No love: Lead is in the air

I grew up in Eagan, Minnesota, a suburb of Minneapolis. Each morning on my way to school, my skyline consisted not of the Foshay Tower and U.S. Bank Stadium (highlights of Minneapolis), but rather the billowing smokestacks of Eagan’s Gopher Resource recycling plant. My elementary and middle school was less than a mile from the plant, and I often wondered what exactly was spewing out of those chimneys. 

(This is the plant's good side)

While caught in a doom scroll on Instagram last week, I came across an ad for a class-action lawsuit against Gopher Resource in Eagan.
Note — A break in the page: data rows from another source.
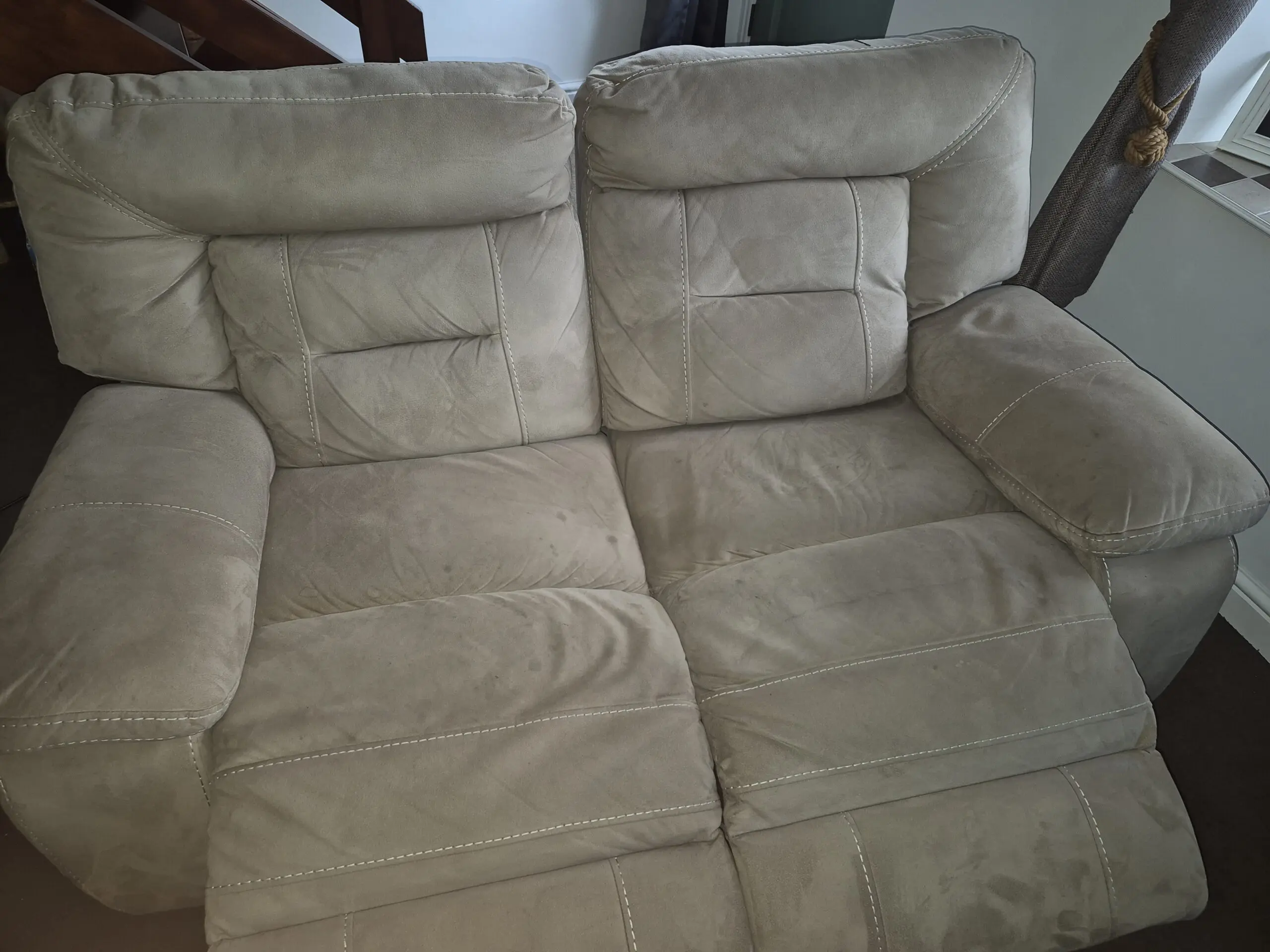 Fully Reclining Powered sofa and chair in good condition. Beige suede effect, viewing highly recommended
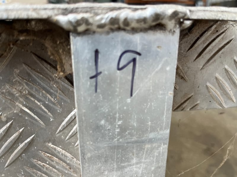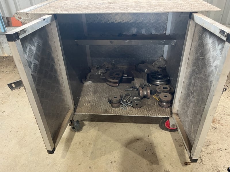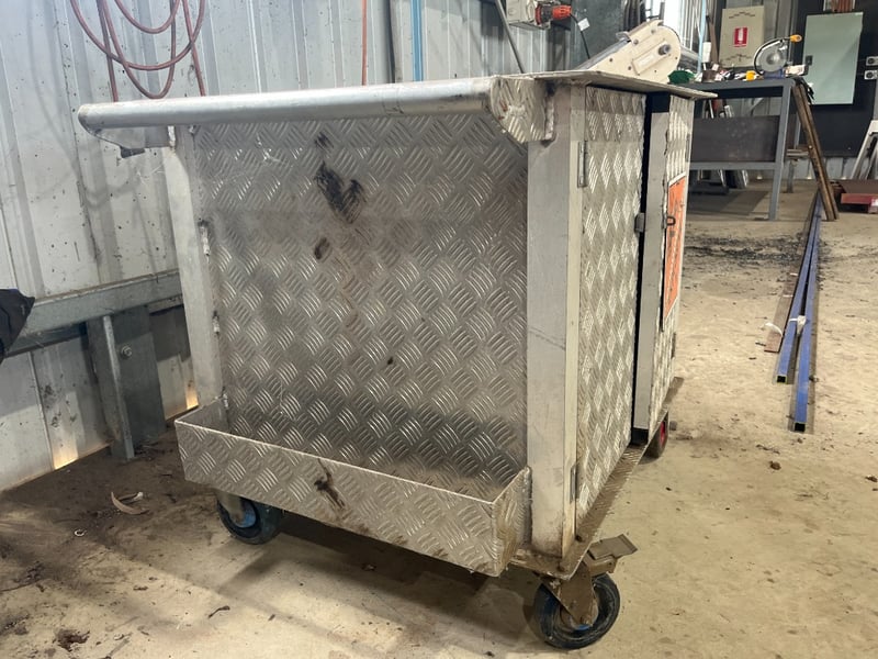 Notes / Extras: aluminium checker plate cabinet, twin door storage, mounted on castor wheels with push handle, explosive signage fitted, includes assorted metal components inside
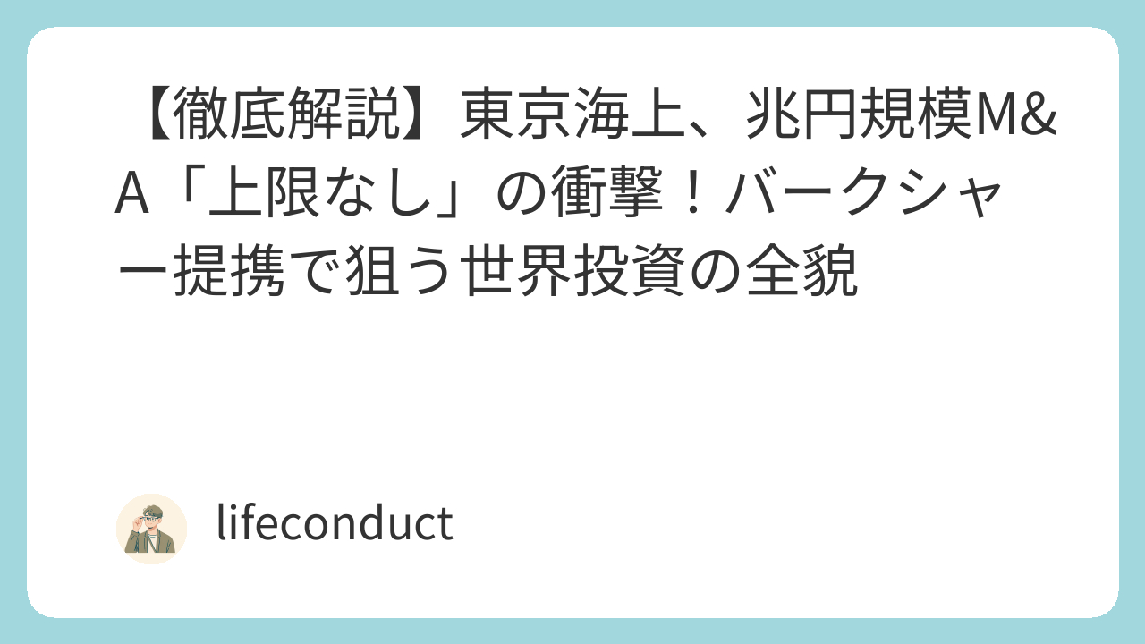 東京海上の「上限なしM&A」戦略は、単なるバブル的な膨張ではなく、徹底した資本管理と世界最高のパートナーを得たことによる**「計算された攻勢」**です。
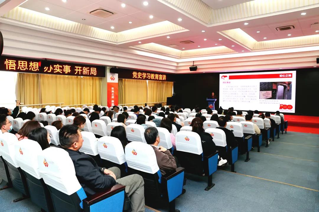毛玉婷副书记的宣讲报告《初心之地 复兴之路 信仰之光》从三个方面展开:一是勘掘史料,钩沉史实,从理论基础、阶级基础、干部基础三个方面阐析上海为什么可以成为中国共产党的初心之地。上海是中国工人阶级的摇篮,也是近代以来中国与世界联通的重要窗口。第一批由海路赴法勤工俭学的学生就是从上海出发的,而这些旅法学生孕育了中国革命的领导骨干,为中国共产党领导下的革命和建设事业最终取得伟大胜利奠定了扎实基础。二是文图互阐、图文并茂,以时间为经、史实为纬详尽展示中国共产党百年“复兴之路”。通过集中梳理“第一个五年计划”到“第十三个五年计划”的发展历程,以时间的演进展现我党取得的举世瞩目的成就。中国共产党领导和带领全国各族人民用几十年时间走完了发达国家几百年走过的历程,走向了中华民族复兴之路。三是饱含深情,热切推介,追溯和缅怀百年党史中闪耀“信仰之光”的革命烈士、建设楷模、改革先锋和民族脊梁的光辉事迹。从1921年党的成立至1949年新中国成立,无数烈士英名永远镌刻在民族崛起和复兴的丰碑上。在建设和改革年代,无数英模人物舍小家为大家,用鲜血和汗水为社会主义现代化建设添砖加瓦、鞠躬尽瘁,他们身上闪耀着“理想信念”之光,与日月同辉。中国共产党人的信仰之火一经点燃,从未熄灭过。
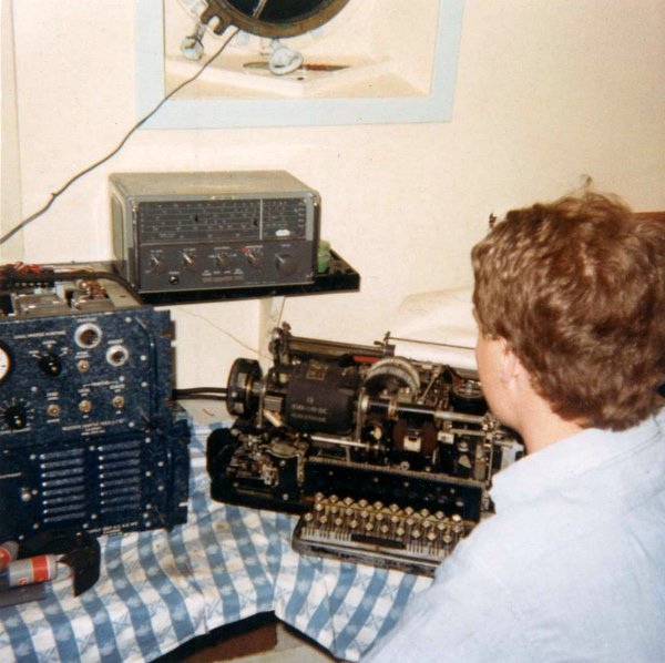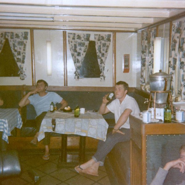 Left to right: Dave Lee Travis, Mike Wright, Jerry Leighton with Manfred Sommer (standing) and crew-members in the mess. |
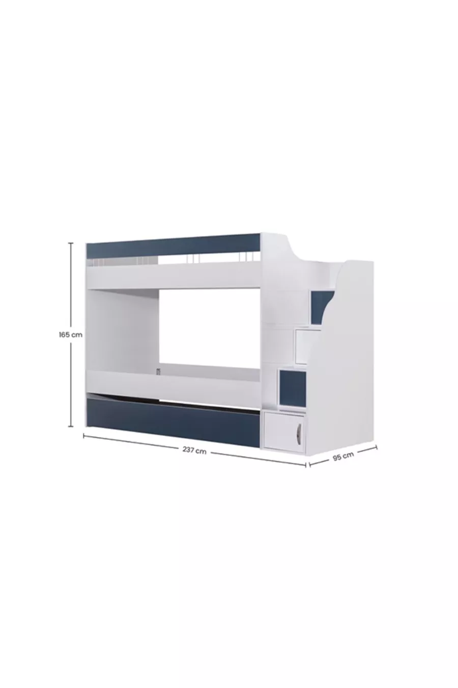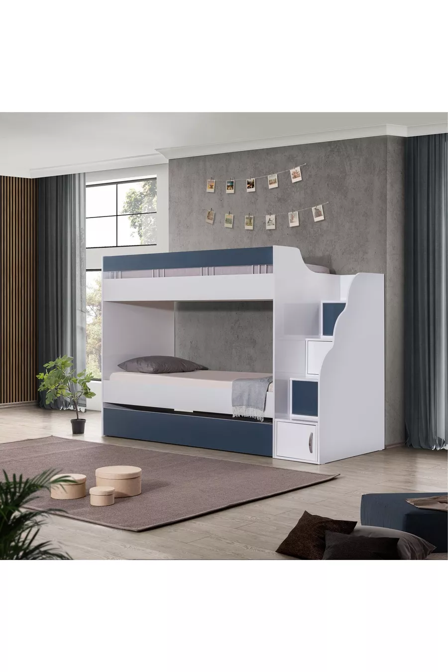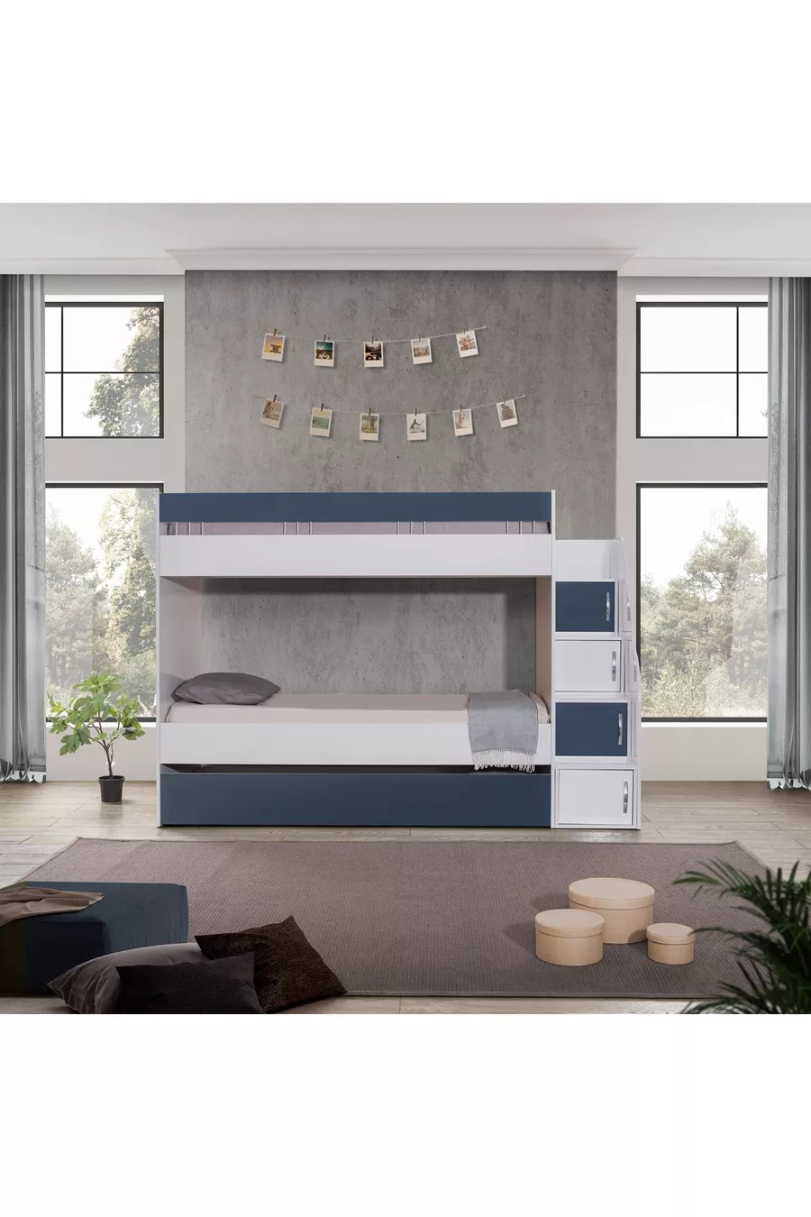 BUNK BED, WHITE-BLUE BUNK BED WITH SMALL BED
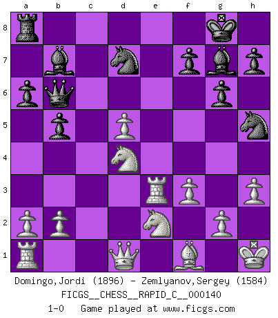 Last move : 1-0 2017 November 10 14:16:6 [Event "FICGS__CHESS__RAPID_C__000140"] [Site "FICGS"] [Date "2017.09.02"] [Round "1"] [White "Domingo,Jordi"] [Black "Zemlyanov,Sergey"] [Result "1-0"] [WhiteElo "1896"] [BlackElo "1584"] 1.e4 c5 2.Nf3 d6 3.c3 Nf6 4.Be2 g6 5.O-O Bg7 6.Bb5+ Nbd7 7.Re1 a6 8.Bf1 O-O 9.d4 e5 10.h3 cxd4 11.cxd4 exd4 12.Nxd4 Re8 13.Nc3 b5 14.Be3 Bb7 15.f3 d5 16.exd5 Rxe3 17.Rxe3 Qb6 18.Kh1 Nh5 19.Nce2 1-0 This chess game has been lost on time (started : 2017.09.02 17:46:42) Sicilian Kingside Castling by player White (move 5) Kingside Castling by player Black (move 8) Player White won this chess game. Follow this game move after move (download)As one by one I mowed them down, my superiority soon became apparent. (Jose Capablanca) Bis jetzt ist Weiß einer wohlbekannten Analyse gefolgt. Aber jetzt begeht er einen schrecklichen Fehler: Er beginnt seinen eigenen Kopf zu benutzen. (Siegbert Tarrasch) Prefiero perder una partida realmente buena, que ganar una mala. (David Levy) Votre prénom est 'Tactique', votre deuxième prénom est 'Tactique' et votre nom est 'Tactique'. (Ken Smith) I'm extremely disappointed. I send you out for exciting, new designer drugs, you come back with tomato sauce. (Gregory House, House M.D.)
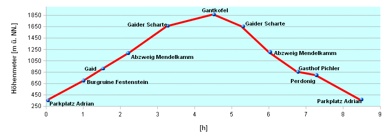 Die Tour ist bei Nebel und/oder starker Nässe nicht zu empfehlen. Bei Neuschnee ist der steile Pfad vom Abzweig Mendelkamm bis zur Gaider Scharte nicht begehbar, bei Schnee allgemein nur erfahrenen Wanderern vorbehalten. Wegenummern: Stand Sommer 2015 |
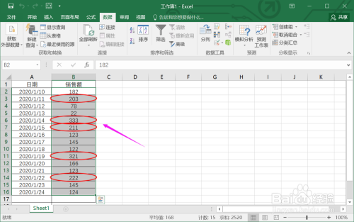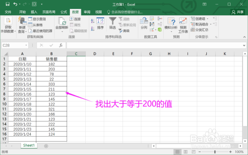 1.打开Excel工作表。假设我们有一级数据,需要从中标识出大于等于200的值。

The settlement payout includes those who “lived within, attended a school within or worked within one mile of the stack of the Eagan Facility from January 1, 2000 to July 24, 2024”. I went 3/3. The settlement claims that the facility exposed me and my neighbors to “lead, cadmium, arsenic, sulfur dioxide” and other chemicals that I would rather not inhale. My exposure to these chemicals is a negative production externality; because this plant polluted the environment, I suffer the consequences. 

A father whose child attended school near a different Gopher Resource plant in Florida originally filed suit. In making this decision, he opted against a Coasian resolution to this problem, settling instead for collective action and state intervention. While Coase would say this is outside of the government’s intended role, I’ll certainly enjoy the extra cash in my wallet.